In the summer of 1912, word reached Robert Fiske Griggs that the apocalypse had arrived on Kodiak, an inhabited island off the coast of Alaska. The following year, Griggs, a botanist at the University of Ohio, led the first of several expeditions to the island, where he and a team glimpsed a disquieting sight: Kodiak was shrouded in a full foot of ash. And it wasn’t just the island. On the mainland on a formerly multi-peaked volcano called Mount Katmai, the soot-covered landscape was still venting noxious gas.
The environs of Mount Katmai had been home to a lush river valley. Griggs later wrote that on his surveying missions, he found that it “was full of hundreds, no, thousands — literally, tens of thousands — of smokes curling up. … Some were sending up columns of steam which rose a thousand feet before dissolving.” The site, which bubbled and hissed for decades, is still called the Valley of Ten Thousand Smokes.
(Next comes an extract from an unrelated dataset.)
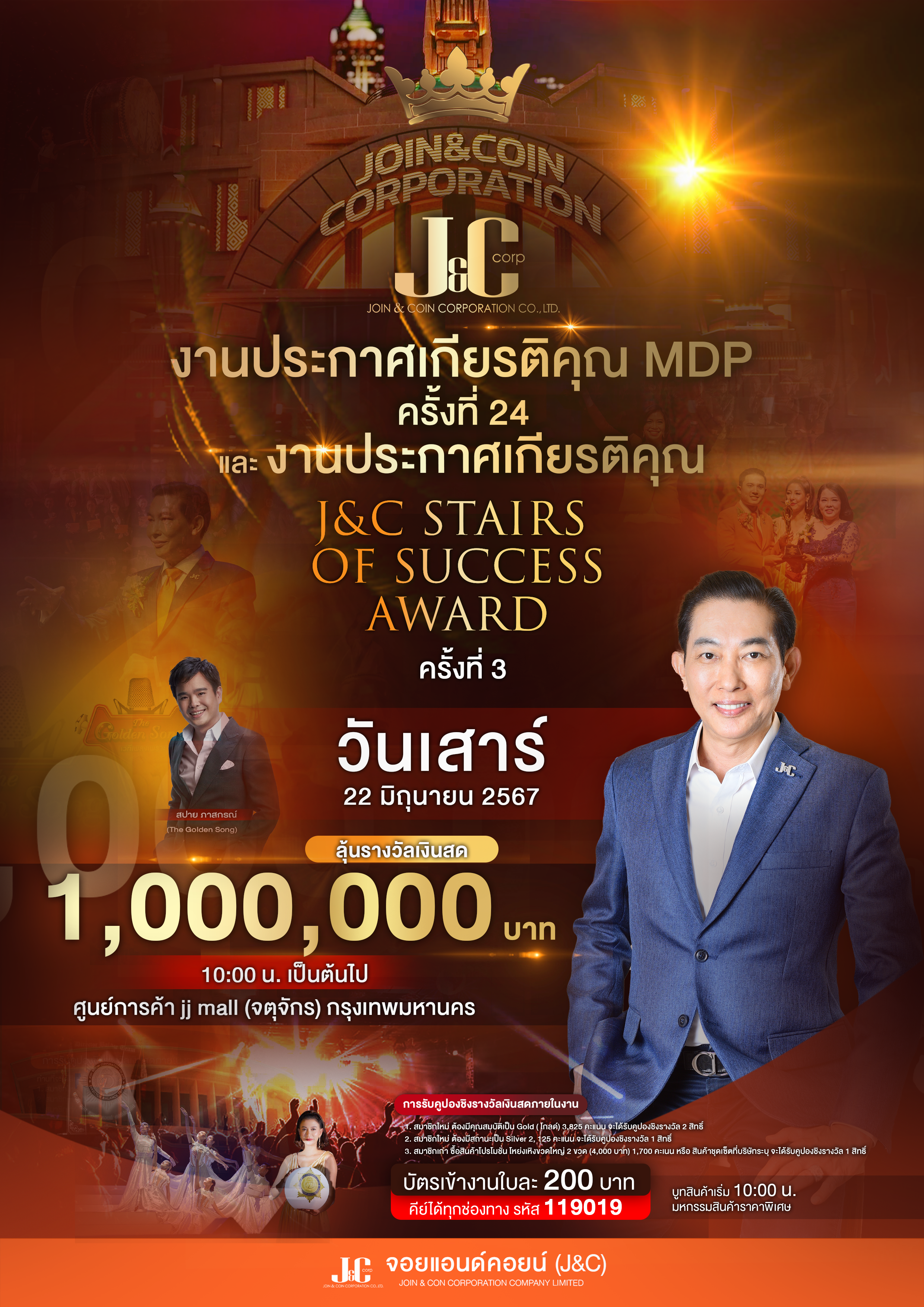 คงต้องร้อง wow!! กันทั่วทั้งงานเป็นแน่กับงานใหญ่ระดับบิ๊กของบิ๊กธุรกิจขายตรงโมเดิร์นเทรด จอย แอนด์ คอยน์ คอร์ปอเรชั่น (J&C) ในงานประกาศเกียรติคุณ MDP ครั้งที่ 24 และงานประกาศเกียรติคุณ J&C STAIRS OF SUCCESS AWARD ครั้งที่ 3 ที่จะจัดขึ้น ณ ศูนย์การค้า JJ Mall (จตุจักร) ในวันเสาร์ที่ 22 มิถุนายน อันใกล้จะถึงนี้ โดยนอกจากจะได้ร่วมแสดงความยินดีกับสมาชิกผู้นำนักธุรกิจที่ประสบความสำเร็จบนเวทีทรงเกียรติแห่งนี้แล้ว ภายในงานครั้งนี้ยังเตรียมรางวัลมากมายรวมมูลค่ามากกว่า 8 แสนบาทไว้เซอร์ไพรส์ให้กับผู้เข้าร่วมงานและยิ่งโดยเฉพาะสาวกสมาชิก J&C และผู้สนใจใครก็ตามที่ต้องการไขว่คว้าโอกาสดี ๆ ทางอาชีพ!! ไม่ควรพลาดด้วยประการทั้งปวง

Griggs and his fellow expeditioners were walking through the aftermath of the 20th century’s most prolific act of volcanism — a 60-hour frenzy that smothered much of the Pacific Northwest in onyx snow. Aerosols released by the eruption lingered for so long in the atmosphere that average temperatures in the Northern Hemisphere dropped by 1 degree Celsius for over a year.
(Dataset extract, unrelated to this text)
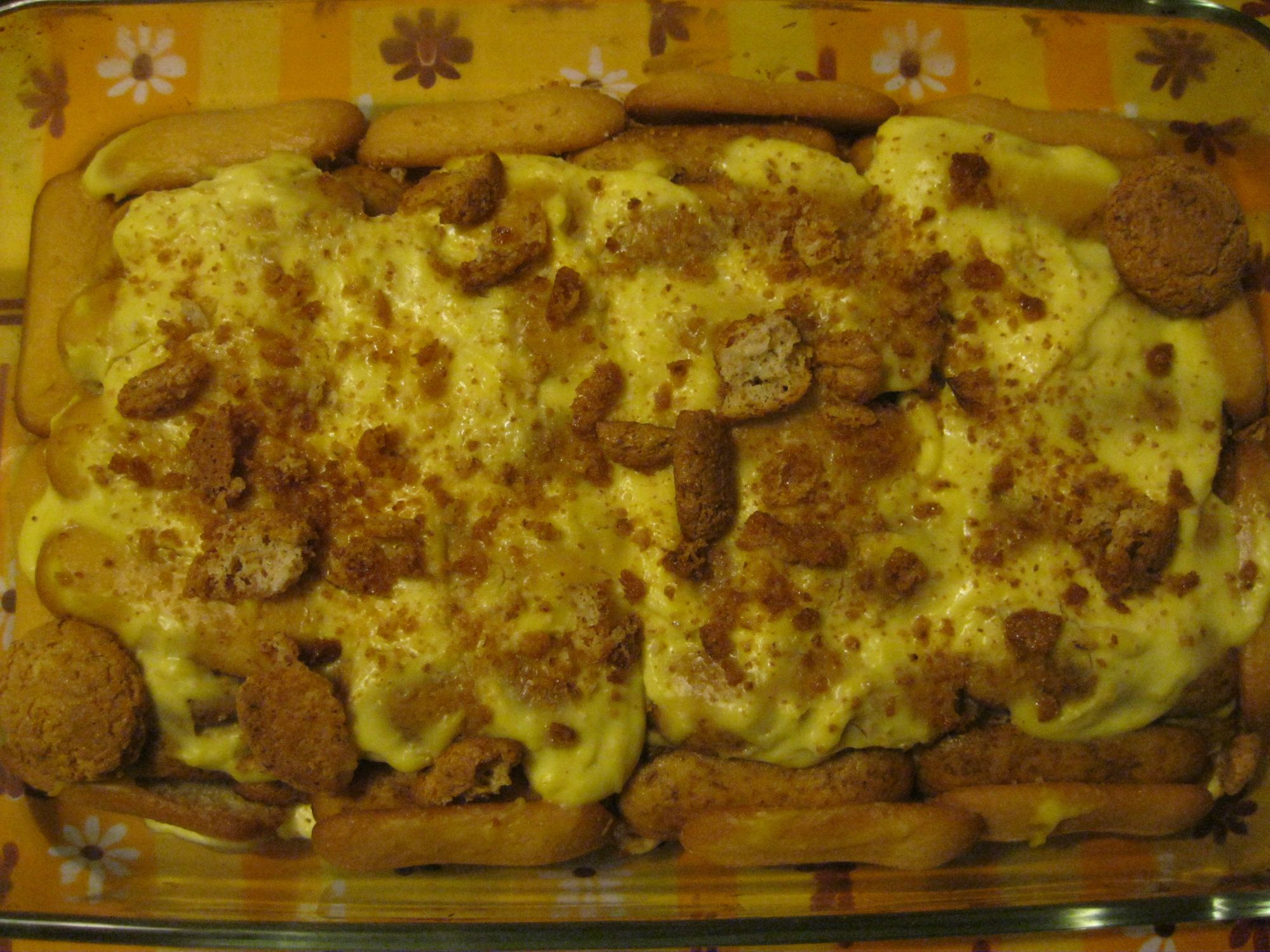 Golosa variante del classico tiramisù preparto con biscotti all'uovo e con gli amaretti sbriciolati .

The eruption did more than cool the skies and scorch an entire network of valleys. It also collapsed two of the three peaks of Mount Katmai into a single pit 1 kilometer deep and 2.5 kilometers across. At the time, it seemed obvious what had happened: Katmai had unleashed most of its magma, and it had left a giant chasm in its wake.
But the truth isn’t always obvious. In the 1950s, detailed geologic mapping of Katmai and its surroundings by Garniss Curtis, a geologist at the University of California, Berkeley, revealed that the eruption had emerged not from the now-collapsed peaks of the volcano, but from an opening in Earth’s crust 10 kilometers to the west that had never been seen before.
After extensive fieldwork, scientists reached a conclusion: Two-thirds of Katmai had disappeared because this opening had stolen Katmai’s magma. The idea was controversial, because volcanoes were always thought to act independently, tapping their own supplies of molten, eruptible rock. But Katmai and the opening, dubbed Novarupta, offered the first real clue that volcanoes could be connected, or “coupled.”